§ TASK OBJECTIVE
Every line of the material needs an exact copy, apart from the images.

§ GIVEN DATA
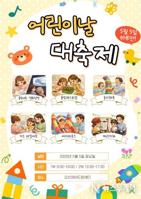 뉴스투게더 김인숙 기자 | 오산시가 운영하는 오산아이드림센터가 어린이날을 맞아 온 가족이 함께 즐길 수 있는 특별 체험행사를 마련한다.
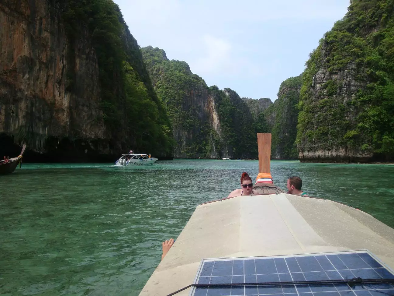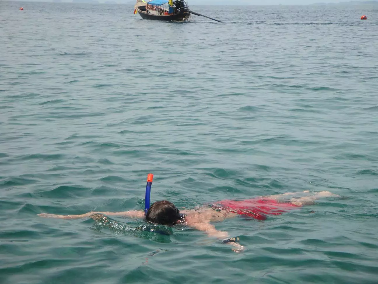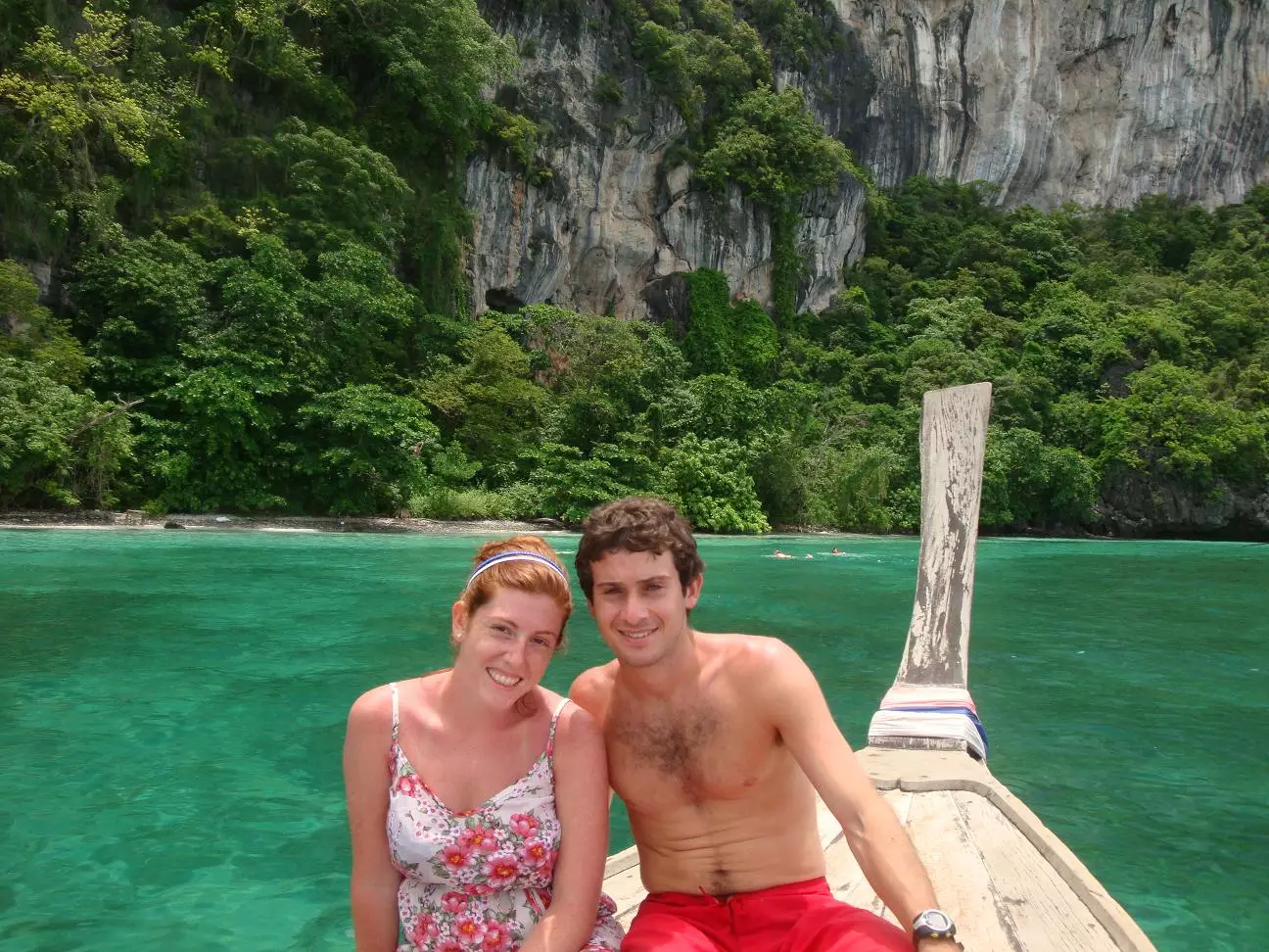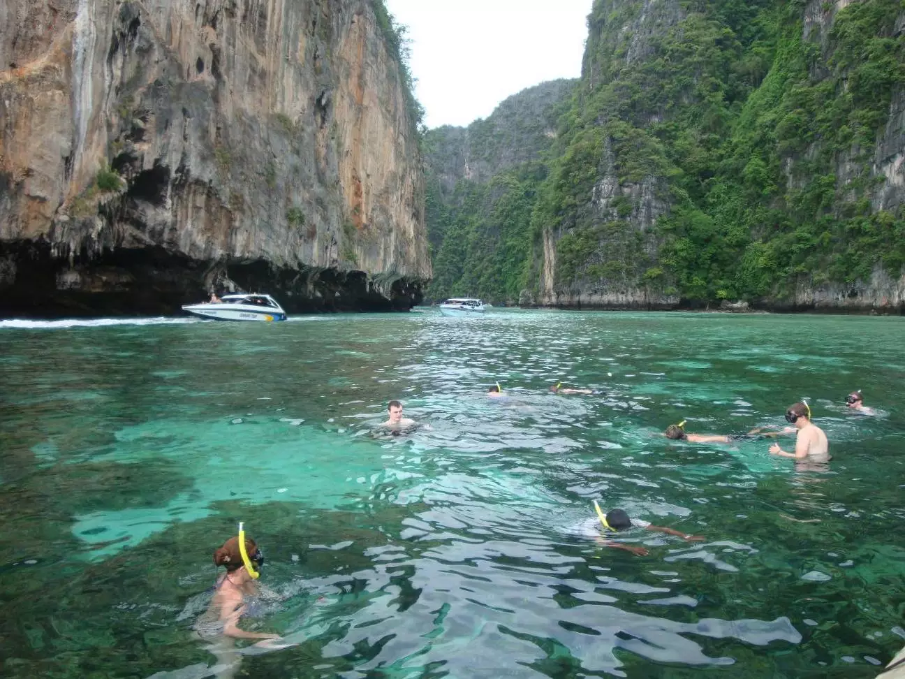 Miércoles 11 de Mayo. Como eran nuestras últimas horas en la isla, hicimos la excursión más típica que ofrecen los cientos de negocios y agencias de turismo que hay en esta parte de la isla especialmente dedicados al turista. Cerca de esta isla hay otra isla deshabitada llamada Phi Phi Lay. Esta se hizo famosa cuando Leonardo Di Caprio filmó la película “La Playa” en una playa escondida aquí adentro. Esta excursión consistía en pasar por unas cuevas metidas dentro de una montaña en el medio del mar, luego meterse con la precaria embarcación de madera en unas especies de lagunas formadas en medio del mar y rodeadas de grandes formaciones montañosas con una cara o ladera plana. Aquí nos dieron tiempo como para que nademos y disfrutemos un poco de este mágico lugar. Luego nos llevaron a una parte donde habían muchas piedras y peces de colores para hacer snorkel.
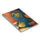 Um caderno espiral personalizado com uma imagem digital a óleo, pintada de um rosto de leões próximo, com olhos amarelos piercing. As cores dominantes incluem laranja e amarelo. Parece orgulhoso, real e feroz. Personalize com um nome e assunto/título.
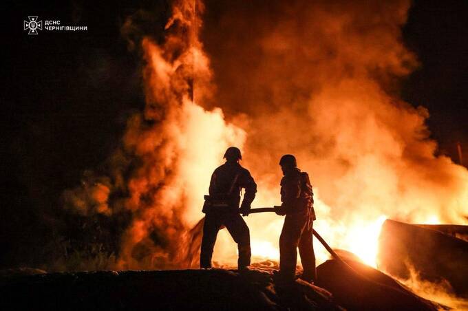 Ніжин на Чернігівщині зазнав масованої атаки дронів. Під удар потрапили рятувальники.

§ RESULT FOR THIS EXERCISE
 뉴스투게더 김인숙 기자 | 오산시가 운영하는 오산아이드림센터가 어린이날을 맞아 온 가족이 함께 즐길 수 있는 특별 체험행사를 마련한다.
 Miércoles 11 de Mayo. Como eran nuestras últimas horas en la isla, hicimos la excursión más típica que ofrecen los cientos de negocios y agencias de turismo que hay en esta parte de la isla especialmente dedicados al turista. Cerca de esta isla hay otra isla deshabitada llamada Phi Phi Lay. Esta se hizo famosa cuando Leonardo Di Caprio filmó la película “La Playa” en una playa escondida aquí adentro. Esta excursión consistía en pasar por unas cuevas metidas dentro de una montaña en el medio del mar, luego meterse con la precaria embarcación de madera en unas especies de lagunas formadas en medio del mar y rodeadas de grandes formaciones montañosas con una cara o ladera plana. Aquí nos dieron tiempo como para que nademos y disfrutemos un poco de este mágico lugar. Luego nos llevaron a una parte donde habían muchas piedras y peces de colores para hacer snorkel.
 Um caderno espiral personalizado com uma imagem digital a óleo, pintada de um rosto de leões próximo, com olhos amarelos piercing. As cores dominantes incluem laranja e amarelo. Parece orgulhoso, real e feroz. Personalize com um nome e assunto/título.
 Ніжин на Чернігівщині зазнав масованої атаки дронів. Під удар потрапили рятувальники.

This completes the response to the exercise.